*WHAT YOU SHOULD DO*
For the word "example", count the lines below that contain it. Give the number alone.

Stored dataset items
::::::

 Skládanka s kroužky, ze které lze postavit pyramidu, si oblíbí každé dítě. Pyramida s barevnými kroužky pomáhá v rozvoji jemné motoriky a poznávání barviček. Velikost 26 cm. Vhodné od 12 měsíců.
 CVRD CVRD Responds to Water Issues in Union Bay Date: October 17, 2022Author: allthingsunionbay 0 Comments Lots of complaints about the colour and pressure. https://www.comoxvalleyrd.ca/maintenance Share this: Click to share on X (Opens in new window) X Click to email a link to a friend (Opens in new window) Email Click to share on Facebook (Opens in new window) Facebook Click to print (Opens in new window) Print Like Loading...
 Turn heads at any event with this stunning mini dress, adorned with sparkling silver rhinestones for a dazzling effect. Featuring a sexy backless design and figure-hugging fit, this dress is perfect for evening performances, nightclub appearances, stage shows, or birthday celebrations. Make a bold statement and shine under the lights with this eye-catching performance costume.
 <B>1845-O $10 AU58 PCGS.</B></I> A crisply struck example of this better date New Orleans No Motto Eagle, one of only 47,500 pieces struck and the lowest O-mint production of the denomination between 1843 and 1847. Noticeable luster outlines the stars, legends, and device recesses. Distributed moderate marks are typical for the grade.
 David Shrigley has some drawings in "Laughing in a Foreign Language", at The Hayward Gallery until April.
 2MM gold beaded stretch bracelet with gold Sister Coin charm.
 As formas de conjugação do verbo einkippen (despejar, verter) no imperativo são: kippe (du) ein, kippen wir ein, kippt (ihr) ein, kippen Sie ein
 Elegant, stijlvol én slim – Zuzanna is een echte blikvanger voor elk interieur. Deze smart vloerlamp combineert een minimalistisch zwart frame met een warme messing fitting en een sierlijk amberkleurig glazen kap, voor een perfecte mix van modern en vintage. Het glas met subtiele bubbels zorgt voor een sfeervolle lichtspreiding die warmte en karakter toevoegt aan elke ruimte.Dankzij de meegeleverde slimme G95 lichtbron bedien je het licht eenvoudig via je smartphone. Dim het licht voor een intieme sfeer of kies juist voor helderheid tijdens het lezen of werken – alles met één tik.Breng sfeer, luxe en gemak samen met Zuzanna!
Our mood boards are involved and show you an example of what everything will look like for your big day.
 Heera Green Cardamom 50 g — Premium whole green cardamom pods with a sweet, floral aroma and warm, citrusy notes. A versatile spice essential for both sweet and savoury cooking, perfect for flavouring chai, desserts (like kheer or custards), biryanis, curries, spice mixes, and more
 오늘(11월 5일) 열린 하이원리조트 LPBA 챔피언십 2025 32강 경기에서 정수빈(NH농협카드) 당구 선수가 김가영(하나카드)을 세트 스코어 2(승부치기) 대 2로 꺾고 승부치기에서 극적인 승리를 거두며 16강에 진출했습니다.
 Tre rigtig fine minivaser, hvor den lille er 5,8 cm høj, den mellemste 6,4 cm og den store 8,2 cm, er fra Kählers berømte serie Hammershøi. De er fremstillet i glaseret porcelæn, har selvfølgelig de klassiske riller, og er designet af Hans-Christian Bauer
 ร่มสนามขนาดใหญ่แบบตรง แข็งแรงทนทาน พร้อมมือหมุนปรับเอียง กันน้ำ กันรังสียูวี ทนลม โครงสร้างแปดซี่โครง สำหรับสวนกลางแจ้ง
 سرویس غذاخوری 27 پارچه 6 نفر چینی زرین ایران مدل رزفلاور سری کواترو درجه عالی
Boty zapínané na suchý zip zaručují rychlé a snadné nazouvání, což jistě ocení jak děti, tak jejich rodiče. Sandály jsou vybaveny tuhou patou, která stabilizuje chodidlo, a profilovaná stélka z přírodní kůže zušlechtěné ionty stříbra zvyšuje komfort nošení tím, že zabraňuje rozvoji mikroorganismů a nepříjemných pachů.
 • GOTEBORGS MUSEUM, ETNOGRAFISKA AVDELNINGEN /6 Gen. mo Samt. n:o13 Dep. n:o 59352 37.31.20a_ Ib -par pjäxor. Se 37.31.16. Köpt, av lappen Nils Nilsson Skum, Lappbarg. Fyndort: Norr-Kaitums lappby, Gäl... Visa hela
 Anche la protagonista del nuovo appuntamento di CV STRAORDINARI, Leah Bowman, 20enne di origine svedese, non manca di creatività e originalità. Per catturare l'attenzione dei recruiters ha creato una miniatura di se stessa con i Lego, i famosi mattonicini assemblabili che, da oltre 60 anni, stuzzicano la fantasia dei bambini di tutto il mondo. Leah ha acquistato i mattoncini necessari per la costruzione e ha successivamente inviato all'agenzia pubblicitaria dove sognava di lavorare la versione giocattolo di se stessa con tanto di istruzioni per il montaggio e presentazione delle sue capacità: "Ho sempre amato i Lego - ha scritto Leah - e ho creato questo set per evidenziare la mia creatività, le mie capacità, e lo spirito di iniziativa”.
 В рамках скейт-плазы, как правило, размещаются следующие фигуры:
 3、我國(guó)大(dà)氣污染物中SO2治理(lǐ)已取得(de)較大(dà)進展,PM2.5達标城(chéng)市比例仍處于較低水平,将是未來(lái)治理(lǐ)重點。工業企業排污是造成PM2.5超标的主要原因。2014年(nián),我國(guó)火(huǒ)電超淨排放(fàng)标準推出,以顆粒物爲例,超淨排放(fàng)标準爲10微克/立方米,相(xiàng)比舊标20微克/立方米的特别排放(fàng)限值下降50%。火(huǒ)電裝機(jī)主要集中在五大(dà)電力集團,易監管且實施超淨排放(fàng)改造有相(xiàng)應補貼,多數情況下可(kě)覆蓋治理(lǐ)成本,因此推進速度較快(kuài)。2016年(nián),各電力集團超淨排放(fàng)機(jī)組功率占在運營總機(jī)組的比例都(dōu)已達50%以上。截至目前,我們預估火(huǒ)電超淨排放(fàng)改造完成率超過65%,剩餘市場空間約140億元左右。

::::::

*THE ANSWER*
2